### Raw data
══════════

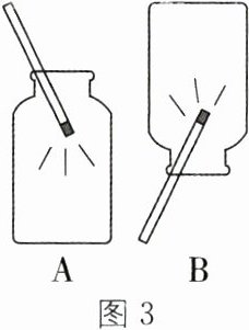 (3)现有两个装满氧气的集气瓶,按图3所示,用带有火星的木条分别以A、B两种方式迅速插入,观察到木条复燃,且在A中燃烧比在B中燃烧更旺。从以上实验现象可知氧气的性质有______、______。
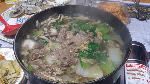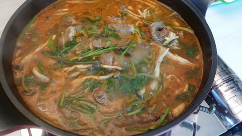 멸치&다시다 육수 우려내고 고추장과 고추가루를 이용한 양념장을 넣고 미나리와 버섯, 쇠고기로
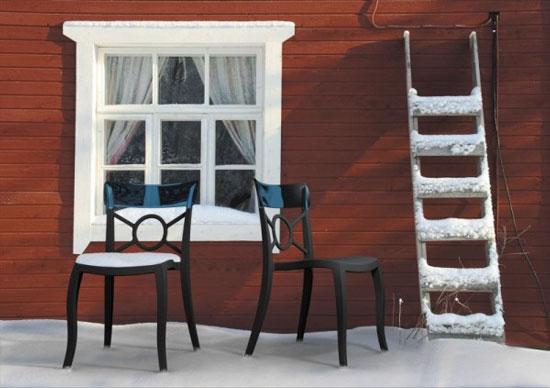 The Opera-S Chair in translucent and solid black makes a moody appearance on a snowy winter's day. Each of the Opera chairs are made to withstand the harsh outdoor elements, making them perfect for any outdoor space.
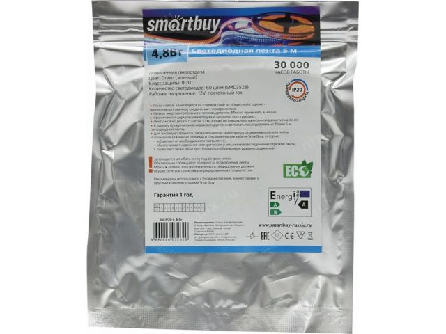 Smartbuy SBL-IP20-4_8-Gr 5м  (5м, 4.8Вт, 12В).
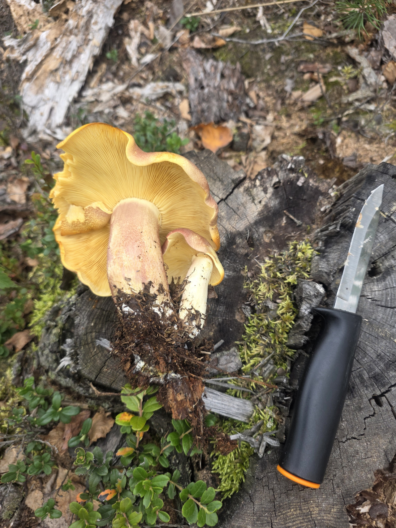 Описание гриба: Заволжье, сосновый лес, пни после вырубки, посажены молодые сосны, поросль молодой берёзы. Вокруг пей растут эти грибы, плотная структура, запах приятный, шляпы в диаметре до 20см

══════════

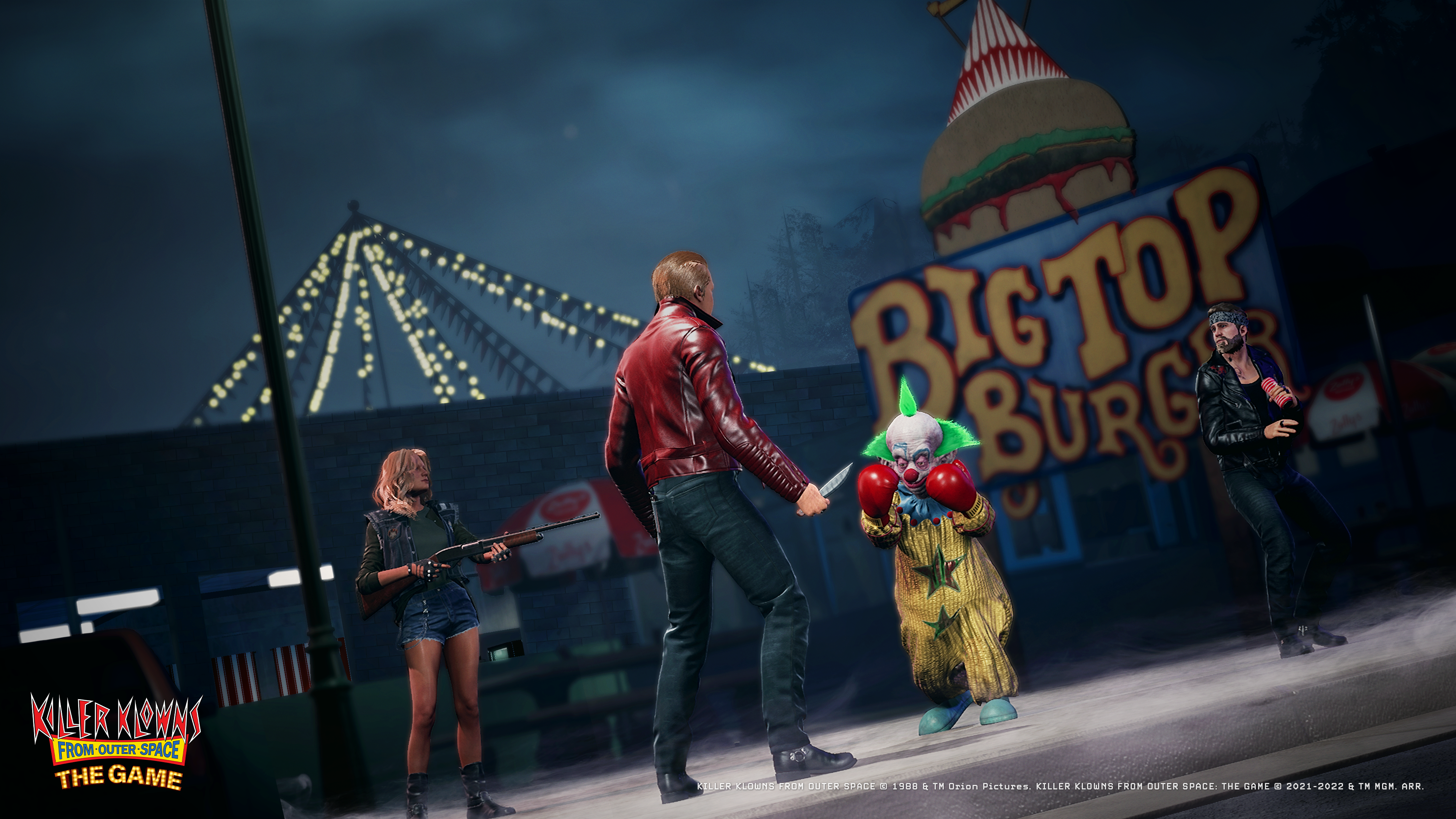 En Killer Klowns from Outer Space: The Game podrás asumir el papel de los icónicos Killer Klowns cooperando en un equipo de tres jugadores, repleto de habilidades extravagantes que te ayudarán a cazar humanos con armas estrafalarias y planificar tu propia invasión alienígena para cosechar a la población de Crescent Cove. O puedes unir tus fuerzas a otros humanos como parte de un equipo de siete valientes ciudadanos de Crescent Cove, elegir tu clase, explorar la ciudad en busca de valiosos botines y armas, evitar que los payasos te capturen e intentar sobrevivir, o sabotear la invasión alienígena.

══════════

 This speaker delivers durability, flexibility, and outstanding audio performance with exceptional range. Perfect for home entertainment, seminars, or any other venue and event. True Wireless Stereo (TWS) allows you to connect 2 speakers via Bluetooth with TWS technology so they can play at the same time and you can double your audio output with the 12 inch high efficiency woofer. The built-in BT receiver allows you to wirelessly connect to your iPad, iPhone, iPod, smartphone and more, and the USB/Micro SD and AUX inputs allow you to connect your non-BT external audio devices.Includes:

══════════

Going back to the data above, write out everything from the line with "(3)现有两个装满氧气的集气" down to the line with "멸치&다시다 육수 우려내고", both included, leaving every picture out.

 (3)现有两个装满氧气的集气瓶,按图3所示,用带有火星的木条分别以A、B两种方式迅速插入,观察到木条复燃,且在A中燃烧比在B中燃烧更旺。从以上实验现象可知氧气的性质有______、______。
 멸치&다시다 육수 우려내고 고추장과 고추가루를 이용한 양념장을 넣고 미나리와 버섯, 쇠고기로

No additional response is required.